Now, let's take a look at the difference of computation time between these two methods, which reveals the huge computation speed advantage of dcoga2dim and pcoga2dim.

microbenchmark::microbenchmark(dcoga2dim(1:10, 2, 5, 3, 2),
                               dcoga(1:10, c(2, 5), c(3, 2)),
                               pcoga2dim(1:10, 2, 5, 3, 2),
                               pcoga(1:10, c(2, 5), c(3, 2)))

2. Approximate evaluation of convolution of gamma variables

The approximate method is given by Barnabani(2017) and is implemented as dcoga_approx and pcoga_approx, which only give us the approximate result but also give us the benefit of computation speed. We mention that this method only work for $n \geq 3$. For example, we have $Y=X_1 + X_2 + X_3$, with $X_1 \sim Gamma(2,3)$, $X_2 \sim Gamma(5,2)$ and $X_3 \sim Gamma(7,4)$. Then, the density and distribution function of $Y$ at a grid, $1, 2, \dots, 10$, can be evaluated by the following code.

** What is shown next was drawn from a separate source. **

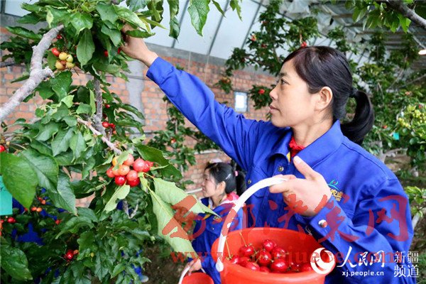 3月8日,在新疆生產(chǎn)建設(shè)兵團第八師一三四團華蓉櫻桃園里,紅紅的櫻桃掛滿枝頭,員工們正在采收成熟的櫻桃。

dcoga_approx(1:10, c(2, 5, 7), c(3, 2, 4))
pcoga_approx(1:10, c(2, 5, 7), c(3, 2, 4))

The veracity of approximation method is shown in the following plot.

set.seed(123)
## do grid
y <- rcoga(100000, c(2, 5, 7), c(3, 2, 4))
grid <- seq(0, 15, length.out=100)
## calculate pdf and cdf
pdf <- dcoga_approx(grid, c(2, 5, 7), c(3, 2, 4))
cdf <- pcoga_approx(grid, c(2, 5, 7), c(3, 2, 4))

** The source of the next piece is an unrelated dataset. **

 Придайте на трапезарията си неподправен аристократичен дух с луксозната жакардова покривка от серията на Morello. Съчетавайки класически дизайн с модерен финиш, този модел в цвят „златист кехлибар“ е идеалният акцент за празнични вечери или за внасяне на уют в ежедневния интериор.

par(mfrow = c(1, 2), mar = c(2,2,1,0))
## plot pdf
plot(density(y), col="blue")
lines(grid, pdf, col="red")

## plot cdf
plot(ecdf(y), col="blue")
lines(grid, cdf, col="red")
par(mfrow = c(1, 1))

3. Parameter recycling

The parameter recycling means if the input of shape and rate have different length, the function will make up the shorter one to the longer one. For example, these two pairs of code will give us the same result.

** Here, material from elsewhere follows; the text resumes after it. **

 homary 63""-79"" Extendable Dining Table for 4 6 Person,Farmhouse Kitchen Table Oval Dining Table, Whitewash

dcoga(1:5, c(1, 2), c(1, 3, 4, 2, 5))
dcoga(1:5, c(1, 2, 1, 2, 1), c(1, 3, 4, 2, 5))

pcoga(1:5, c(1, 3, 5, 2, 2), c(3, 5))
pcoga(1:5, c(1, 3, 5, 2, 2), c(3, 5, 3, 5, 3))

Within this package, dcoga, pcoga, rcoga, dcoga_approx, pcoga_approx have this future.

References

[1] Moschopoulos, Peter G. "The distribution of the sum of independent gamma random variables." Annals of the Institute of Statistical Mathematics 37.1 (1985): 541-544.

[2] Mathai, A.M.: Storage capacity of a dam with gamma type inputs. Ann. Inst. Statist.Math. 34, 591-597 (1982).

[3] Barnabani, M. (2017). An approxmation to the convolution of gamma distributions. Communications in Statistics - Simulation and Computation 46(1), 331-343.

[4] Hu, C., Pozdnyakov, V., and Yan, J. (2018+) Density and Distribution Evaluation for Convolution of Independent Gamma Variables.